The initial version of the teststand is a multi-node system (4 nodes), with a network setup close to that for the future DUNE FD DAQ.
The capabilities of this initial version are orthogonal to protoDUNE’s DAQ (and protoDUNE II’s), where on protoDUNE we are limited by **outdate hardwares**. The majority of the servers on protoDUNE-SP are **more than 5 years old**, which makes it impossible to evaluate the latest storage technology. The servers are also connected to **lower performant network switches**. Plus the cluster is at CERN where Fermilab does not have full control of the networking setup.
> [Giovanna: we ave to find the good timing for purchasing HW features that are interesting.]
> [Pengfei: I agree. We expect to have a nice switch which can serve for many years to come, but upgrade/add new server nodes into the teststand over the coming years. We will keep track of relevant new technologies industry provides and find the good timing to put those in the upgrading plan.]
In the initial system setup, we do not include any FELIX cards or timing boards. However they are crucial parts of the DAQ and we will need to have them for integration tests in the future.
At the moment, there are ongoing efforts to have a miniDAQ system consisting of only one server but with a FELIX card for studying hit finding trigger algorithms, and for testing APA readouts. We, the Fermilab DAQ team members, will help with the system administration and software setup/configuration for that miniDAQ system involving FELIX cards.

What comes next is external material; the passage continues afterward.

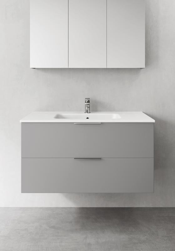 "Våre servantskap fås og kan kombineres i breddene 600, 800, 900, 1000 og 1200. De fleste kan også kombineres sammen med sidemodul 300 for ytterligere bredde eller en annen løsning, og disse kan leveres med passende benkeplater. Bredde 600 og 800 fås også i en kompakt modell med tilhørende vaskeservant og benkeplater. Myktlukkende skuffer med fullt uttrekk, skuffesider av metall og en innredning av bambus for småsakene. Dessuten en uttakbar skuffematte som holder tingene på plass. Øverste skuffen har U-konstruksjon som gir plass til vannlås. Kompletter med PUM-vannlås til kommode, 126 56 00. Forberedt for både vegg- og gulvavløp.
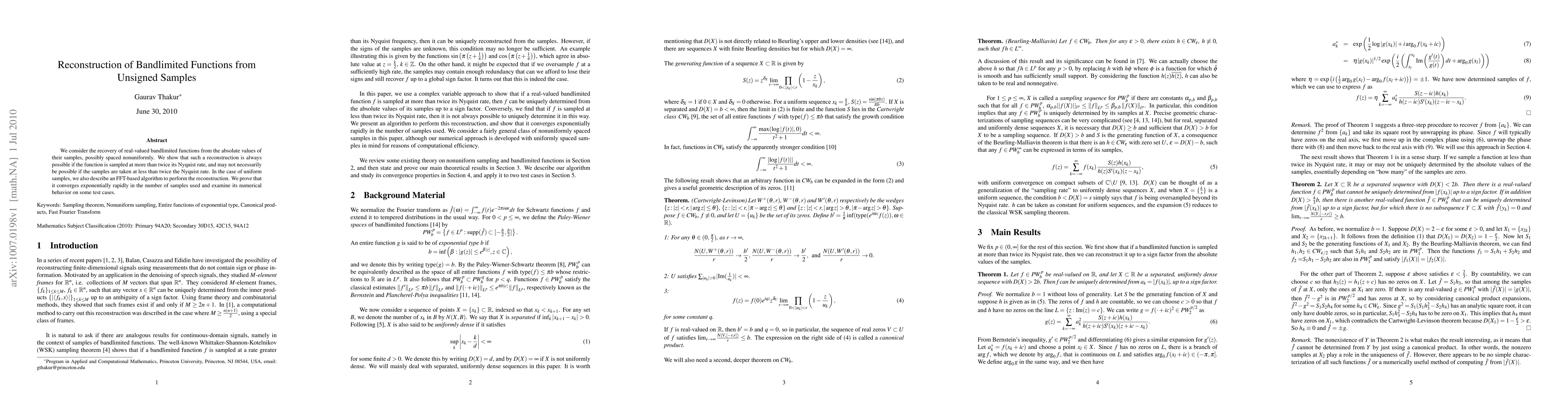 This research demonstrates that real-valued bandlimited functions can be reconstructed from the absolute values of their samples, provided sampling is above twice the Nyquist rate. An FFT-based algorithm for uniform samples is presented, proven to converge exponentially, with test case numerical behavior analyzed.

## Proposed Sysetem configuration
### Minimal Setup (version 0)
This version of the teststand is our starting point. It should provide basic testing environment for many things we do, and could/should be extended to a more capable system in the future.
* 1 Network controled Power Distribution Unit (PDU);
* 1 10Gbps network switch with 40/100 Gbps uplinks (minimum of 4 uplinks);
> [GLM: should we have redundant NW topology for testing (maybe using VLANs)? What device do you have in mind?]
> [Pengfei: testing the redundant NW topology, epsecially its integration with the DAQ is a very good idea and we have to do demonstrate that before data taking at DUNE FD. However, network switches are expensive. Having a redundant NW topology all the time maybe an overkill for the teststand. But we can always coordinate with Fermilab Networking, and borrow their equipments for the period of testing. To start, we may just need one network switch, but have multiple NICs on the servers for future NW redundancy test. ]
>
* 1 web camera;
* 2 datalogger nodes:
* 40 GE NIC;
> [GLM: I would consider dual 100G]
> [Pengfei: good to have if budget permits (that would require a 100G-switch which can cost significantly more). 40G might be good for most of DAQ SW testing.]
>
* Raid controller on mother board and a miminum of four HDDs for raid 10 configuration;
* Fast SSDs with size >= 2TB;
> [GLM: how many?]
* 2 Intel Xeon 14-core (or above) CPUs;
> [GLM: should we consider AMDs?]
> [Pengfei: we are open for that. Even if we start with Intels in the beginning, we can put AMDs in the upkeeping/upgrading plan. We need to ask the vendor for a test system for evaluation first.]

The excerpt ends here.